En este extracto del libro “El oficio del operador político en Salta”, Daniel Ávalos narra los comicios en el que los dos jefes políticos decidieron subir al ring. A esa batalla le siguió, meses después, un acuerdo de paz que no se rompió nunca más.

Celebrando en silencio la remontada de Miguel Isa y las desavenencias al interior del romerismo, el urtubeicismo concluyó el año 2014 sin declaraciones estridentes. Se mantuvo enfocado en neutralizar conflictos internos, monitorear la popularidad de Urtubey y aceitar la maquinaria comunicacional que supuso la primera incursión sistemática de Juan Pablo Rodríguez en las redacciones de los grandes medios de comunicación nacionales.

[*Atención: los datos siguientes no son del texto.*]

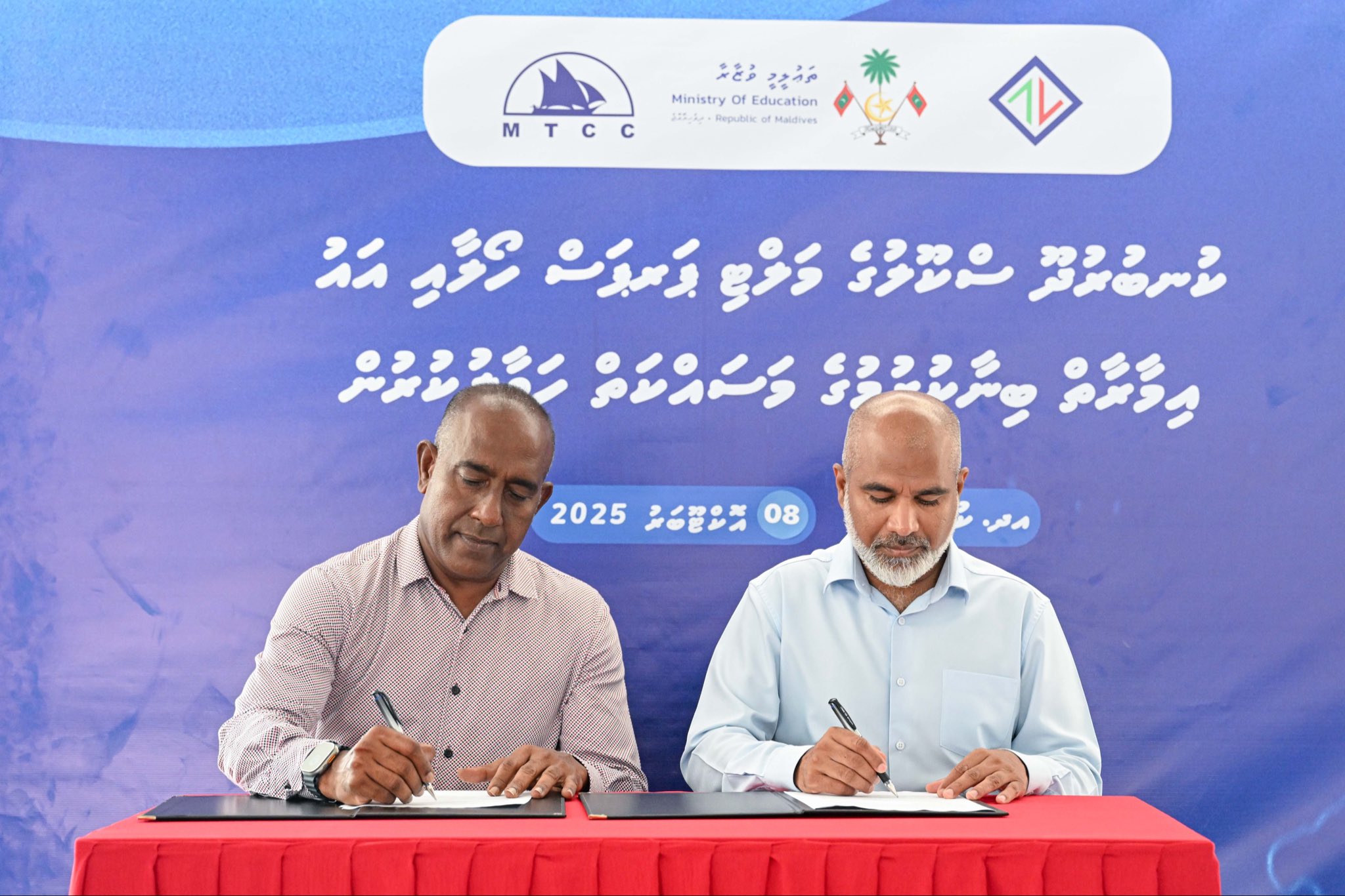 ކުނބުރުދޫ ސްކޫލް އިމާރާތް އެޅުމަށް އެމްޓީސީސީއާއެކު ސޮއިކުރުން. ފޮޓޯ: ރައީސް އޮފީސް

La estrategia suponía prescindir de los choques cotidianos e ignorar los sablazos dialécticos que le dirigían al gobierno y al propio Urtubey. Rodríguez admite que la situación le generaba ansiedad y que en más de una oportunidad preguntó al gobernador cuándo comenzaría la acción. Urtubey se limitaba a pedirle paciencia. En la cabeza del mandatario anidaba una confianza absoluta y una presunción que –según él– podía privarlo de un triunfo contundente sobre quien había sido su jefe y mentor político. Juampi lo relató del siguiente modo:

Yo le preguntaba cuándo íbamos a acelerar. Él me pedía que esperemos. Porque era cierto que, con todas las expectativas que generaban sus movimientos, Romero venía creciendo en las encuestas y nosotros estábamos quietos. La verdad era que Urtubey tenía la teoría de que Romero no quería jugar y él quería ganarle a Romero. Entonces me decía que había que dejarlos que se acerquen para que todo se diera como él deseaba. ´Cuando los vea por el espejo retrovisor, vamos a acelerar´, me dijo un día. Esas fueron las palabras que usó. Ese era el nivel de confianza que se tenía.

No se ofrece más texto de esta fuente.